Following the "Big Data" Lambda Architecture book, I've got an incoming directory full of typed Thift Data objects, with a DataPailStructure defined pail.meta file
I take a snapshot of this data:
Pail snapshotPail = newDataPail.snapshot(PailFactory.snapshot);
The incoming files and meta data files are duplicated, and the pail.meta file also has
structure: DataPailStructure
Now I want to shred this data, to split it into vertical partitions. As from the book, I create two PailTap objects, one for the Snapshot and the SplitDataStructure, one for the new Shredded folder.

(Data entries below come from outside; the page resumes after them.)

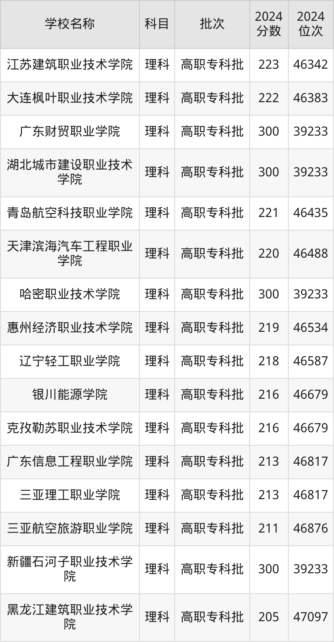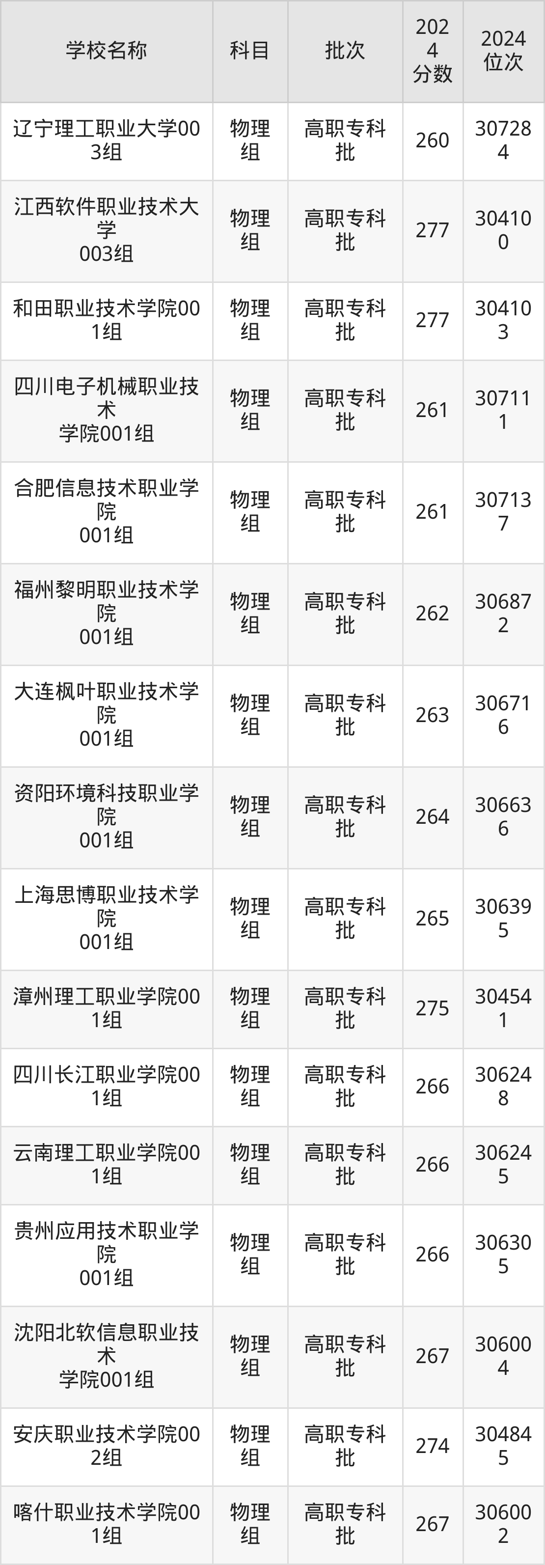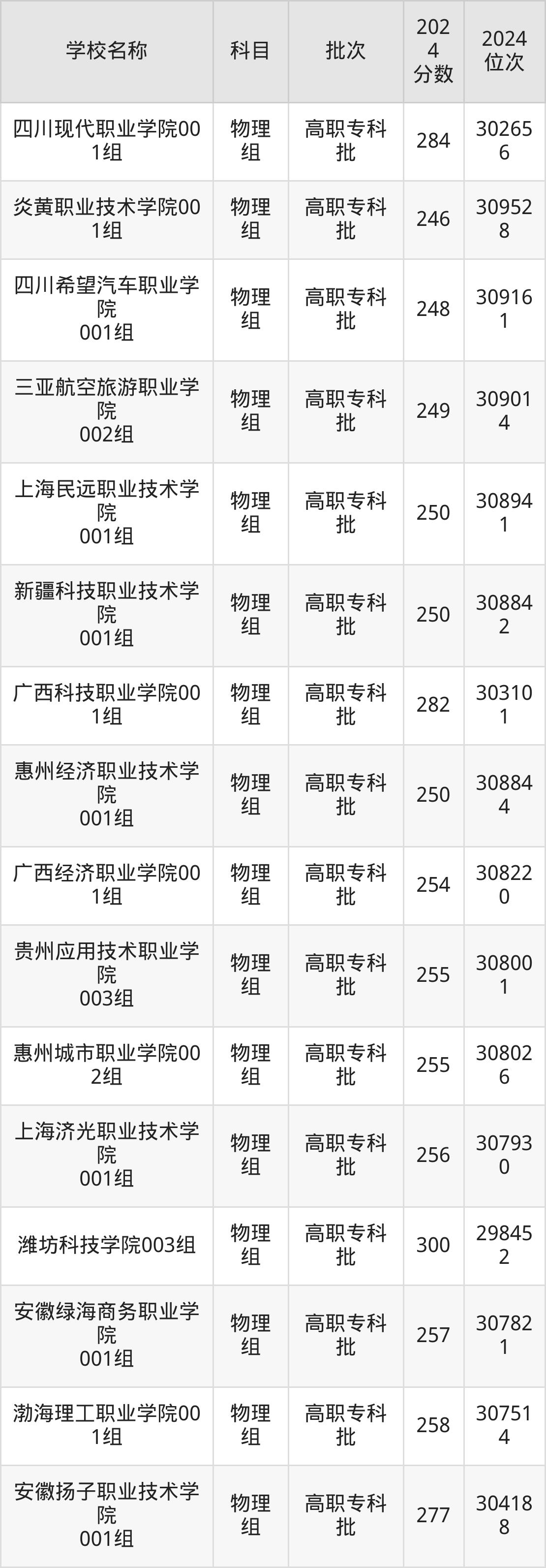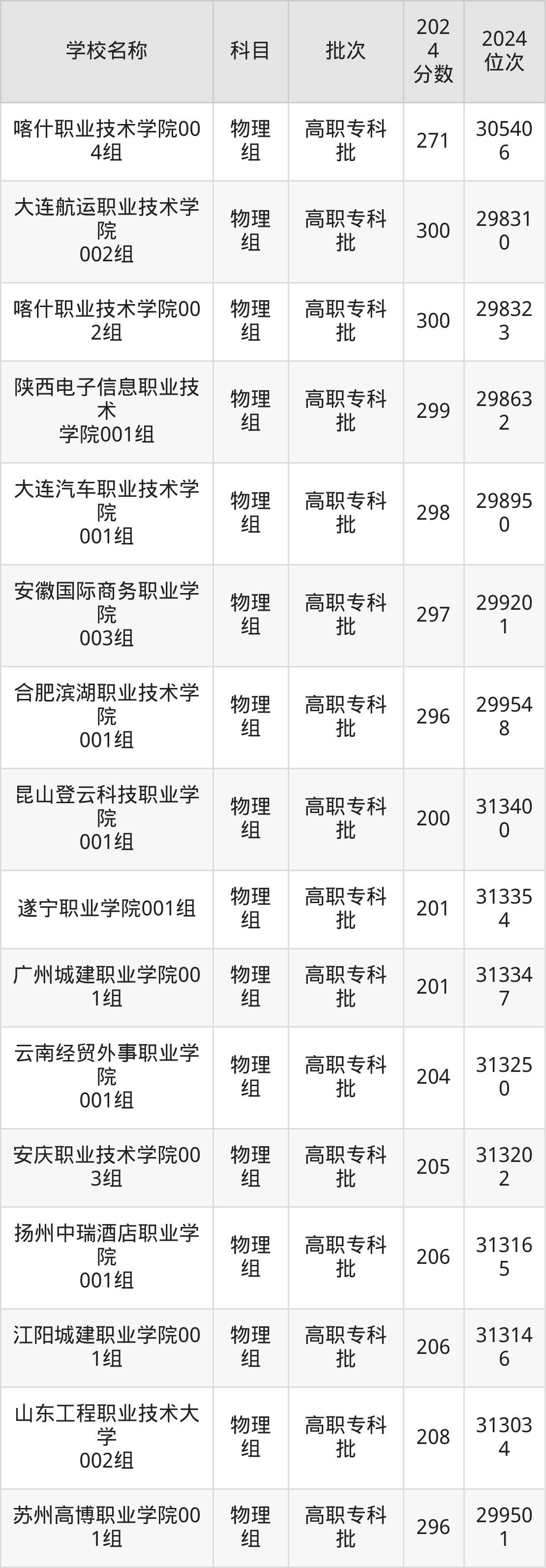 江苏高考物理组共有20所理科大学在200到300分之间录取,包含山东工程职业技术大学、资阳环境科技职业学院、九州职业技术学院、三亚理工职业学院、云南工商学院、昆山登云科技职业学院、硅湖职业技术学院、宿迁职业技术学院、渤海理工职业学院、炎黄职业技术学院。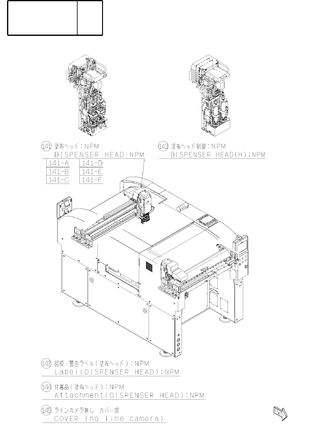 Kit Name Rank Q'ty 番号 Pa rt N o . キット名 品番 数量 ランク 頁 Pa ge No. 35 キットリスト KIT LIST 1 141 N610157748AA DI SPENSER HEAD :NPM 塗布ヘッド:NPM O451 1 142 N610158086AA L ABEL( DISPENSER HEAD) :NPM 銘板・警告ラベル(塗布ヘッド ):NPM O463 1 143 …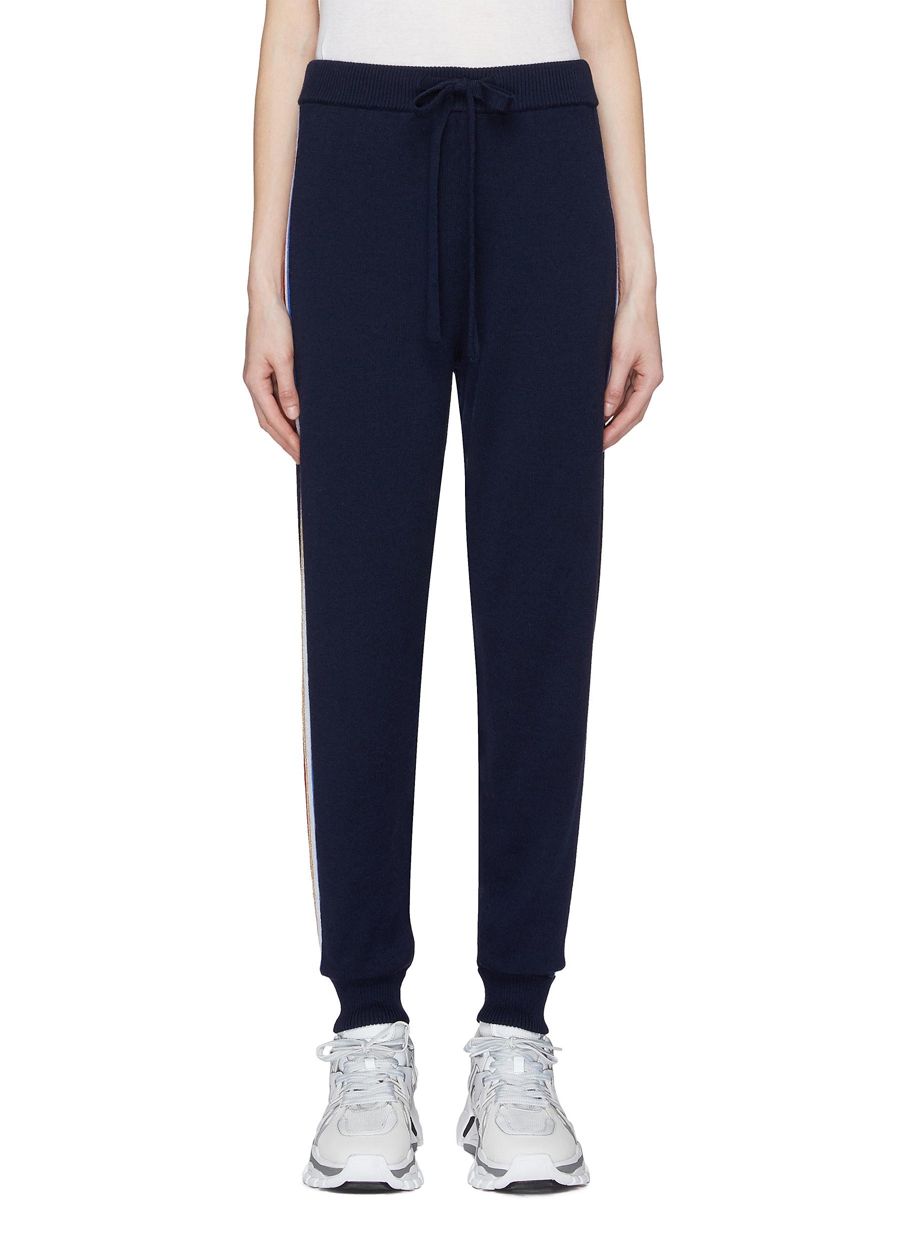 Stripe outseam Merino wool blend knit track pants - être cécile - Blue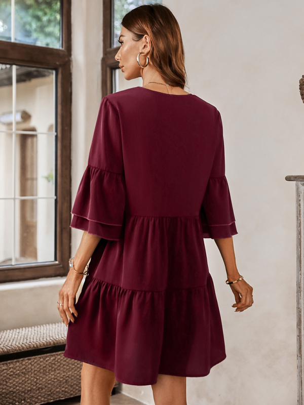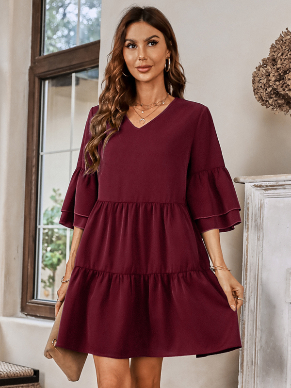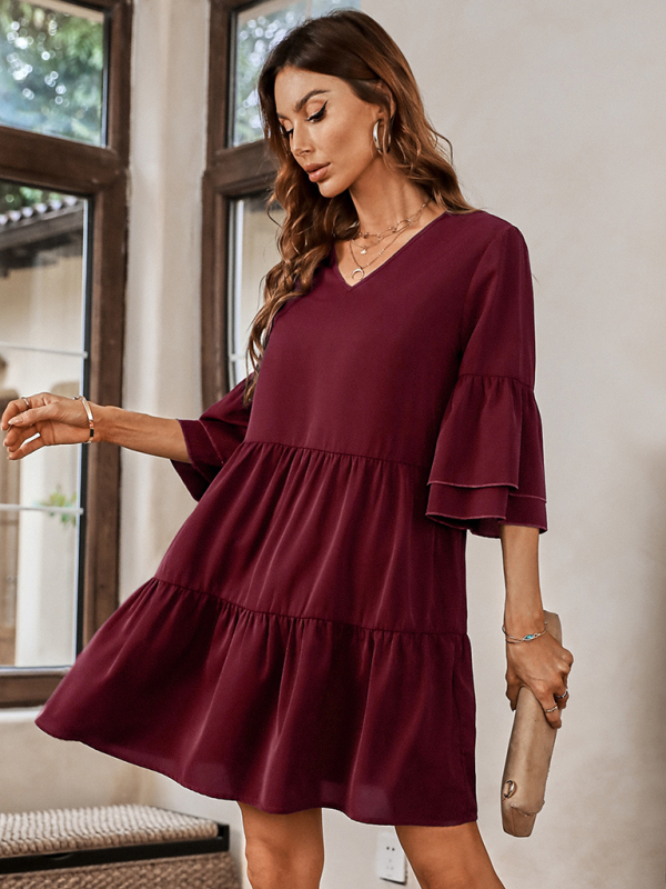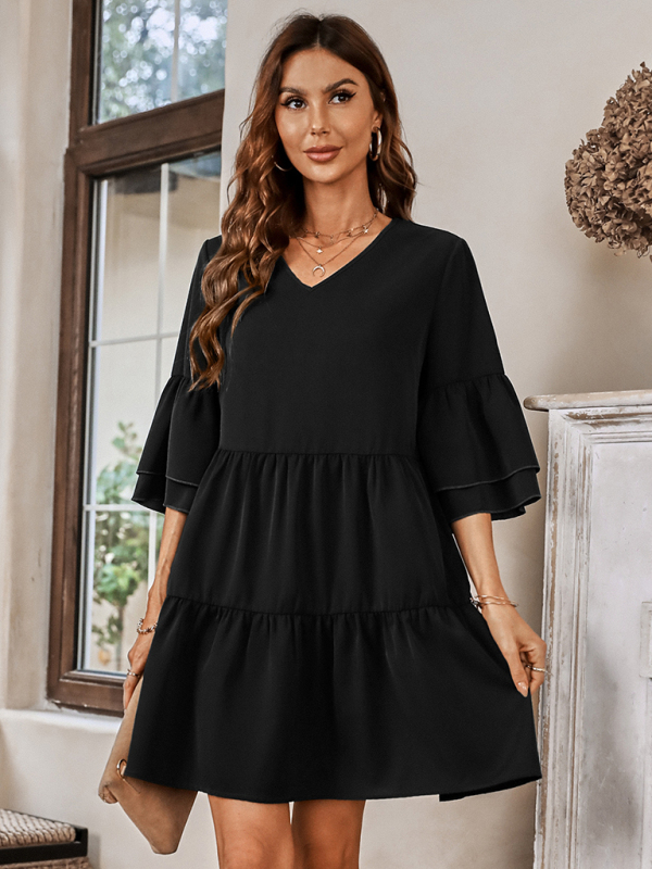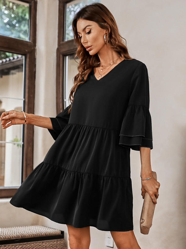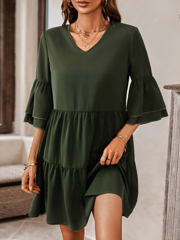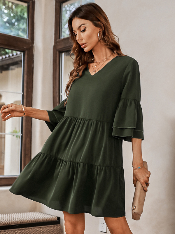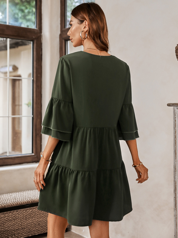 Women’s fashion V-neck solid color loose dress for women. Please use the size guide shown in our pictures. Before choosing a size, please read each element of the size guide carefully. Unique design, classic style, casual and comfortable. It is suitable for outing and leisure. The size is measured manually, and the error of 1-3cm is normal.
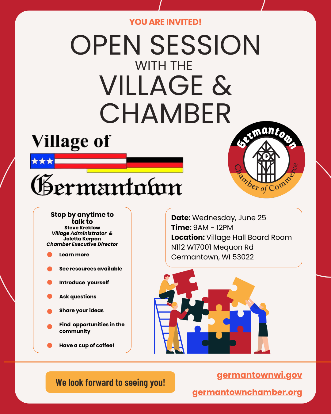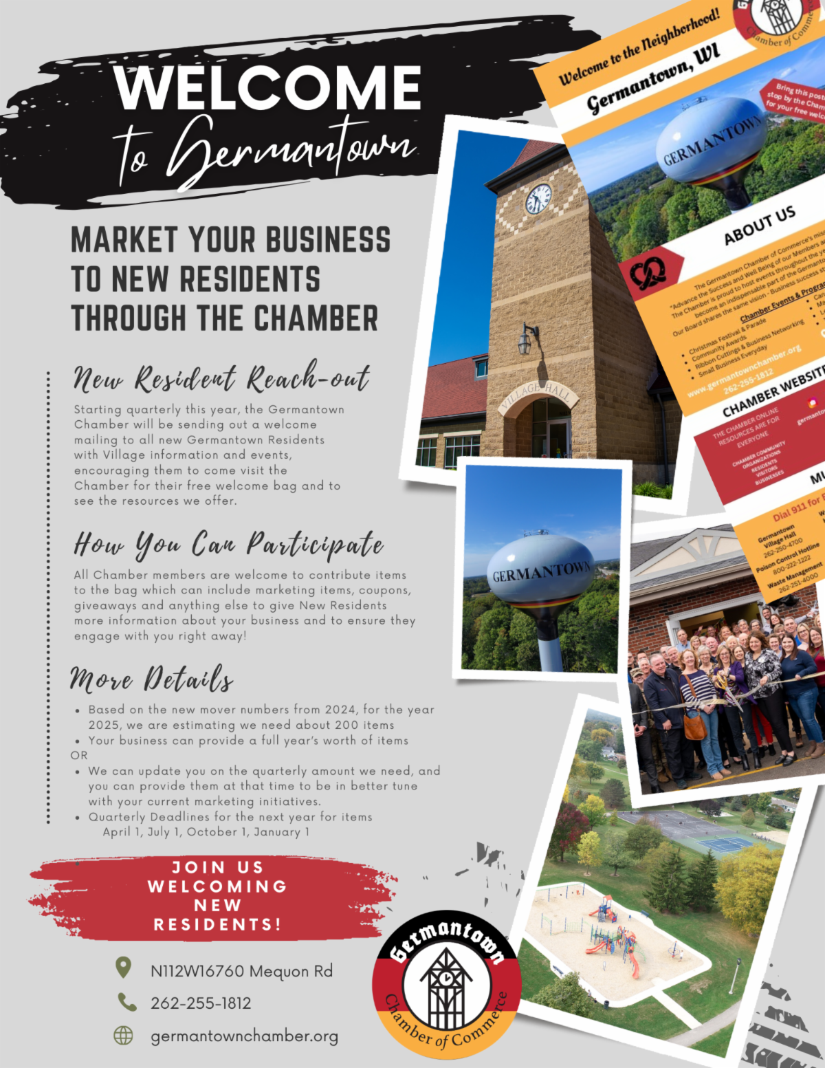 Starting quarterly this year, the Germantown Chamber will be sending out a welcome mailing to all new Germantown Residents with Village information and events, encouraging them to come visit the Chamber for their free welcome bag and to see the resources we offer.
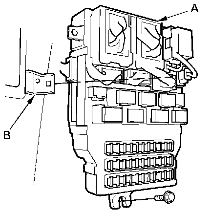 4. Remove the mounting bolt, release the tab (B) and pull the driver's under-dash fuse/relay box away from the body.

PailTap source = dataTap(PailFactory.snapshot);
PailTap sink = splitDataTap(PailFactory.shredded);
The /Shredded folder has a pail.meta file with structure: SplitDataPailStructure
Following the instructions, I execute the JCascalog query to force the reducer:
Api.execute(sink, new Subquery(data).predicate(reduced, empty, data));
Now, in local mode, this works fine. There's a "temporary" subfolder created under /Shredded, and this is vertically partitioned with the expected "1/1" structure. In local mode, this then is moved up to the /Shredded folder, and I can consolidate and merge to master without problems.
But running inside Hadoop, it fails at this point, with an error:
cascading.tuple.TupleException: unable to sink into output identifier: /tmp/swa/shredded
...
Caused by: java.lang.IllegalArgumentException: 1/1/part-000000 is not valid with the pail structure {structure=com.hibu.pail.SplitDataPailStructure, args={}, format=SequenceFile} --> [1, _temporary, attempt_1393854491571_12900_r_000000_1, 1, 1] at com.backtype.hadoop.pail.Pail.checkValidStructure(Pail.java:563)
Needless to say, if I change the Shredded Sink structure type to DataPailStructure, then it works fine, but it's a fairly pointless operation, as everything is as it was in the Incoming folder. It's okay for now, as I'm only working with one data type, but this is going to change soon and I'll need that partition.
Any ideas? I didn't want to post all my source code here initially, but I'm almost certainly missing something.